Normalization: Not much in it for long-suffering Cubans

President Barack Obama's decision to normalize United States ties with communist Cuba carries with it great opportunity for American businesses but little upside for the 11 million people who live on the Caribbean island 90 miles off the Florida coast.

The country, ruled by socialist dictators for 55 years, has streets riddled with potholes, crumbling buildings in its capital of Havana and cars that would be deemed "classics" in the U.S. because they're so old. Its citizens have few possessions and even less political freedom.

President Obama, regrettably, as much as blamed the United States for the island country's poverty Wednesday, saying the U.S. decision to sever ties with the country was "an outdated approach that ... has failed to advance our interests."

Elsewhere, a former presidential water carrier made a similar statement.

"Our decades-long policy of isolation," said former Secretary of State Hillary Clinton, who was said to be an early author of the normalization plan, "has only strengthened the Castro regime's grip on power."

What was missing in Obama's remarks was any condemnation of the socialist governing system in the country that actually has caused the problems and kept its people isolated and poor.

Instead, he said, the restoration of diplomatic relations would move the countries beyond a "rigid policy that is rooted in events that took place before most of us were born."

Obama's remarks fit nicely with those of the Cuban government, which trades with 99 percent of other nations but has blamed the 1962 trade embargo put in place by a Democratic president and left in place by presidents of both parties as the root of its economic problems.

Indeed, President Raul Castro, the country's dictator, said the two countries now could resolve their differences "without renouncing a single one of our principles."

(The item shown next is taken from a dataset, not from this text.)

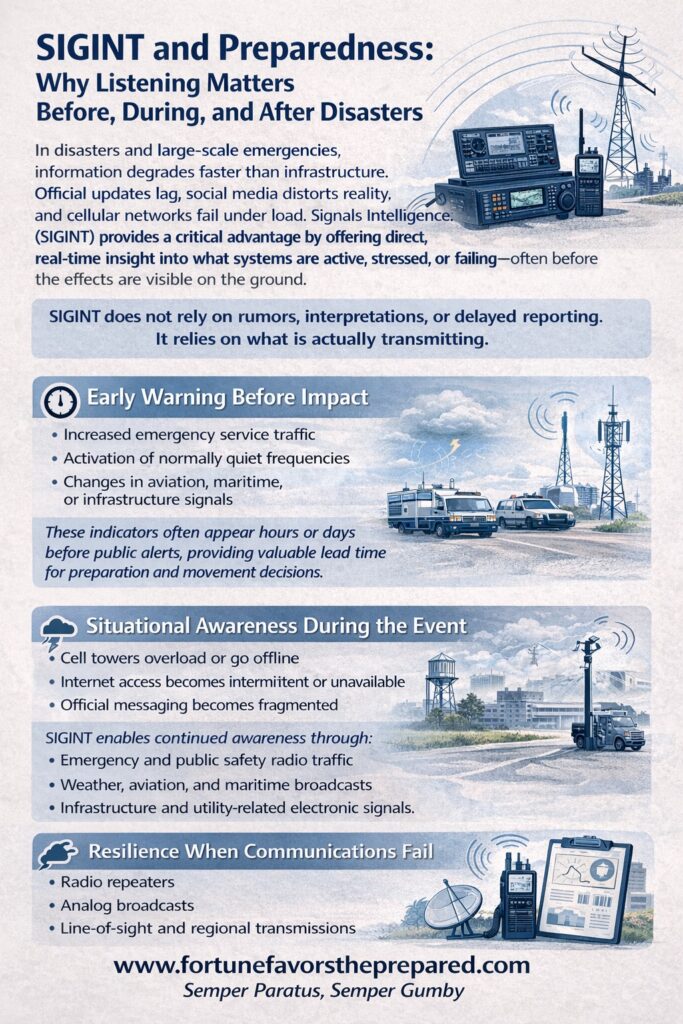 Preparedness rises or falls on awareness. When disasters disrupt infrastructure, overload networks, and distort information, Signals Intelligence (SIGINT) remains one of the few reliable ways to understand what is actually happening in real time. By passively observing communications, electronic activity, and system behavior, SIGINT provides early warning, confirms reality during chaos, and supports better decisions when timing matters most. You don’t need to hear every message—you need to recognize the patterns early enough to act. In preparedness, those who listen well move first, adapt faster, and reduce surprise.

In other words, he is saying, we can remain Communist and continue to depress our people but get the benefits of whatever additional trade can be had with the Great Satan of the United States. But those benefits no doubt will flow directly into the hands of the government, as they do now in trade with foreign nations, rather than into those of the people, who need it so desperately.

Castro and his brother, longtime dictator Fidel Castro, are close allies of Syria and Iran, and the country is an avowed enemy of Israel and has supplied troops to Marxist revolutionaries in Africa and Latin America. It is difficult to see how those alliances will change if Cuba refuses to renounce its current principles.

Fortunately, the official trade embargo cannot be lifted without the approval on Congress, but Obama's agreement eases restrictions of some exports, remittances, travel and banking relations. But strictly tourist travel is not permitted yet.

The deal, like the one the president made with the Taliban in Afghanistan for the release of American Bowe Bergdahl, also included a more than one-for-one exchange of prisoners. Where Bergdahl was traded for five high-ranking Taliban terrorists, three Cuban spies who had been in a U.S. prison since 2001 were traded for a U.S. intelligence agent who had been in a Cuban prison for nearly 20 years. Cuba is also supposed to release 53 political prisoners from a list provided by the U.S., but time will tell if that happens.

The release of innocent American contractor Alan P. Gross, who had been arrested in 2009 and sentenced to 15 years in a Cuban prison, was termed not part of the agreement but was said to have been done on "humanitarian grounds."

The potential new market of the island nation, with limited or complete trade restrictions lifted, is no doubt making American businesses salivate. And no one would blame them for taking advantage of it if they have an opportunity.

But, just as occurred with China, trade won't make the country change its autocratic stripes. More than 40 years after President Richard Nixon's groundbreaking decision to open ties to China, the country presides over the world's second biggest economy but its people are not free.

In a similar approach, Obama said before his presidency began that he would sit down with Iranian officials and convince them not to build nuclear weapons. Nearly six years later, the country is still working on such weapons.

If the Cuba deal is looked at as a whole, it makes sense to ease some restrictions -- others already have been loosened over several presidential administrations -- and see what happens. Without other human rights assurances and measurable changes on the front end that benefit the Cuba people, though, the trade embargo shouldn't be lifted because it wouldn't change their lot in the totalitarian country in which they've been held as virtual prisoners for 55 years.